REQUIRED WORK: Using the entries that follow, write out the line containing "Truly Me Sara", the line containing "Tijdloos lief geboortekaartje", and every line between them, exactly and nothing else.

GIVEN DATA:
________________

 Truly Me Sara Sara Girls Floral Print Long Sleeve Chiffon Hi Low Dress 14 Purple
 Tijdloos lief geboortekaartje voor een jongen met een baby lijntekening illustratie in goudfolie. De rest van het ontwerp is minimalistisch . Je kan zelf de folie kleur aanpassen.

________________

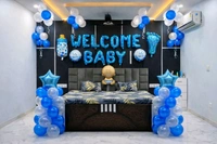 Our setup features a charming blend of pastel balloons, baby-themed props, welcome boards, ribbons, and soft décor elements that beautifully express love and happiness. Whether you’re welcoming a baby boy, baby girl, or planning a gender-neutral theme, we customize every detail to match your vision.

________________

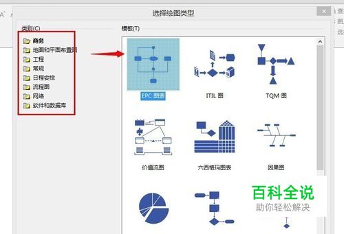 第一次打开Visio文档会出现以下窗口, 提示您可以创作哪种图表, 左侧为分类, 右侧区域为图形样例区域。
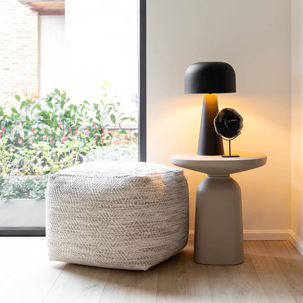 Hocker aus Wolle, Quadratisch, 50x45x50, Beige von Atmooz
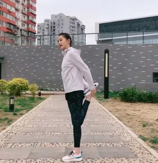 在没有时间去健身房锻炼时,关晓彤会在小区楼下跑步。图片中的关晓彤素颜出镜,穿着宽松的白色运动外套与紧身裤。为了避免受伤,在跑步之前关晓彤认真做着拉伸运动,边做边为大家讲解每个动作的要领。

________________

EXERCISE RESULT:
 Truly Me Sara Sara Girls Floral Print Long Sleeve Chiffon Hi Low Dress 14 Purple
 Tijdloos lief geboortekaartje voor een jongen met een baby lijntekening illustratie in goudfolie. De rest van het ontwerp is minimalistisch . Je kan zelf de folie kleur aanpassen.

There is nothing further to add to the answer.